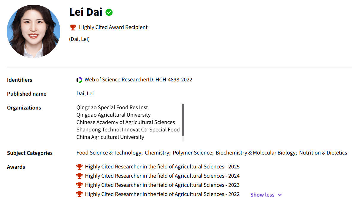 11月12日,科睿唯安正式发布2025年度“全球高被引科学家”名单,beat365在线体育官网代蕾教授榜上有名,自2022年以来连续第四年获此殊荣。全国食品领域共有35位学者入选2025年度“全球高被引科学家”名单。
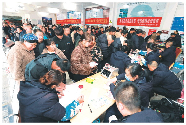 ▼村民排队领分红。
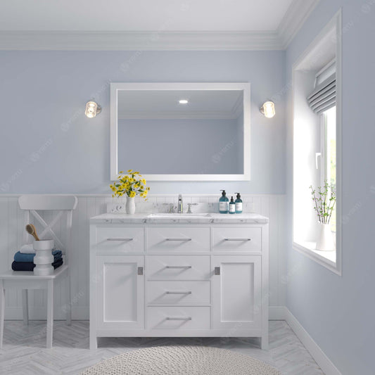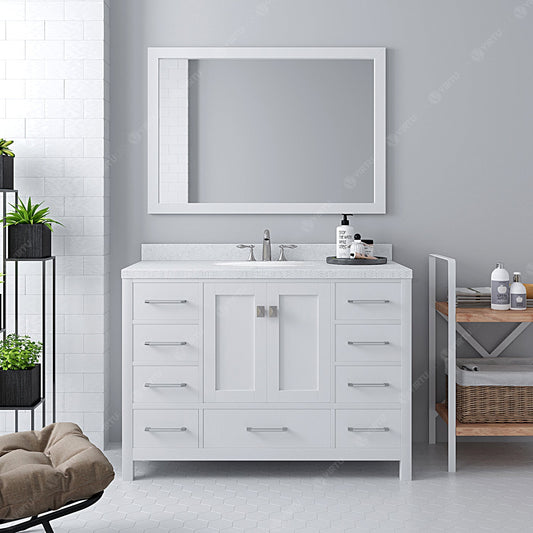 Caroline 48" Single Bath Vanity in White with White Quartz Top and Square Sink

--------------------------------------------------

Task description:
The copy must reproduce the listing above verbatim and contain no pictures.

Response to the task:
 11月12日,科睿唯安正式发布2025年度“全球高被引科学家”名单,beat365在线体育官网代蕾教授榜上有名,自2022年以来连续第四年获此殊荣。全国食品领域共有35位学者入选2025年度“全球高被引科学家”名单。
 ▼村民排队领分红。
 Caroline 48" Single Bath Vanity in White with White Quartz Top and Square Sink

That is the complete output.